The Fundamental Tradeoff

Every numerical differentiation method faces the same dilemma:

  • No smoothing: Derivatives are noisy (high variance)

  • Heavy smoothing: Derivatives are biased (systematic error)

This is the bias-variance tradeoff applied to differentiation.

Why Differentiation Amplifies Noise

Frequency Domain Perspective

Differentiation in the frequency domain is multiplication by iω:

\[\mathcal{F}[f'(t)] = i\omega \cdot \mathcal{F}[f(t)]\]

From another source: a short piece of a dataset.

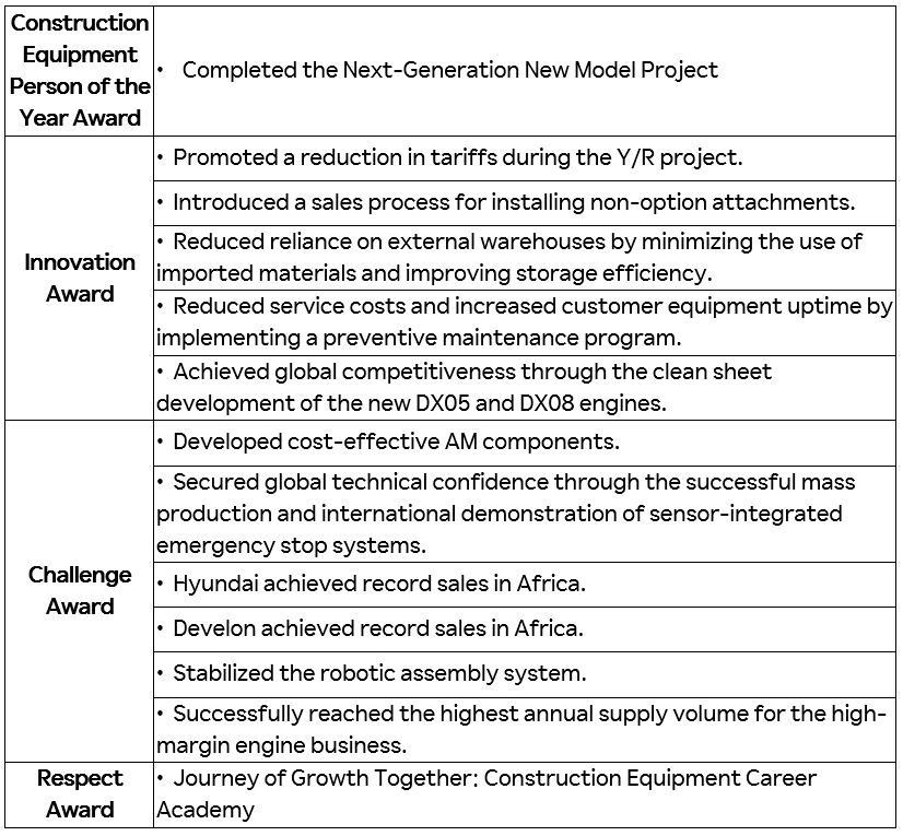 During the ceremony, a total of 13 awards were presented: one Construction Equipment Person of the Year Award, five Innovation Awards, six Challenge Awards, and one Respect Award. The top honor, the Construction Equipment Person of the Year, was awarded for the completion of the Next-Generation New Model Project.

High-frequency components get amplified. Noise is typically high-frequency. Therefore, differentiation amplifies noise.

Quantitative Analysis

If your signal is y(t) = f(t) + ε(t) where ε is white noise with power spectral density S_ε:

  • Signal derivative power: |iω|² S_f(ω) = ω² S_f(ω)

  • Noise derivative power: |iω|² S_ε = ω² S_ε

The signal-to-noise ratio after differentiation:

\[\text{SNR}_{\text{derivative}} = \frac{\omega^2 S_f(\omega)}{\omega^2 S_\epsilon} = \frac{S_f(\omega)}{S_\epsilon}\]

The SNR is unchanged only if signal and noise have the same spectrum. In practice, noise dominates at high frequencies, so differentiation destroys SNR.

Smoothing as Regularization

The Regularization Framework

Instead of solving: $\(\text{Find } f' \text{ such that } f \text{ matches data}\)$

Solve: $\(\text{Minimize } \|f - \text{data}\|^2 + \lambda \cdot \text{Roughness}(f)\)$

where λ controls the bias-variance tradeoff:

  • λ = 0: Interpolate exactly (high variance)

  • λ → ∞: Maximally smooth (high bias)

Common Roughness Penalties

Penalty

Formula

Effect

First derivative

∫(f’)² dt

Penalizes slopes

Second derivative

∫(f’’)² dt

Penalizes curvature

Total variation

f’

The second derivative penalty is most common—it produces cubic smoothing splines.

Smoothing Methods

1. Moving Average

The simplest smoother: replace each point with the average of its neighbors.

import numpy as np

def moving_average(y, window):
    """Simple moving average."""
    kernel = np.ones(window) / window
    return np.convolve(y, kernel, mode='same')

Properties:

  • Reduces variance by factor of 1/window

  • Introduces phase lag

  • Blurs sharp features

  • Not optimal for any particular noise model

2. Savitzky-Golay Filter

Fit a polynomial locally, use the polynomial’s value (or derivative) at center.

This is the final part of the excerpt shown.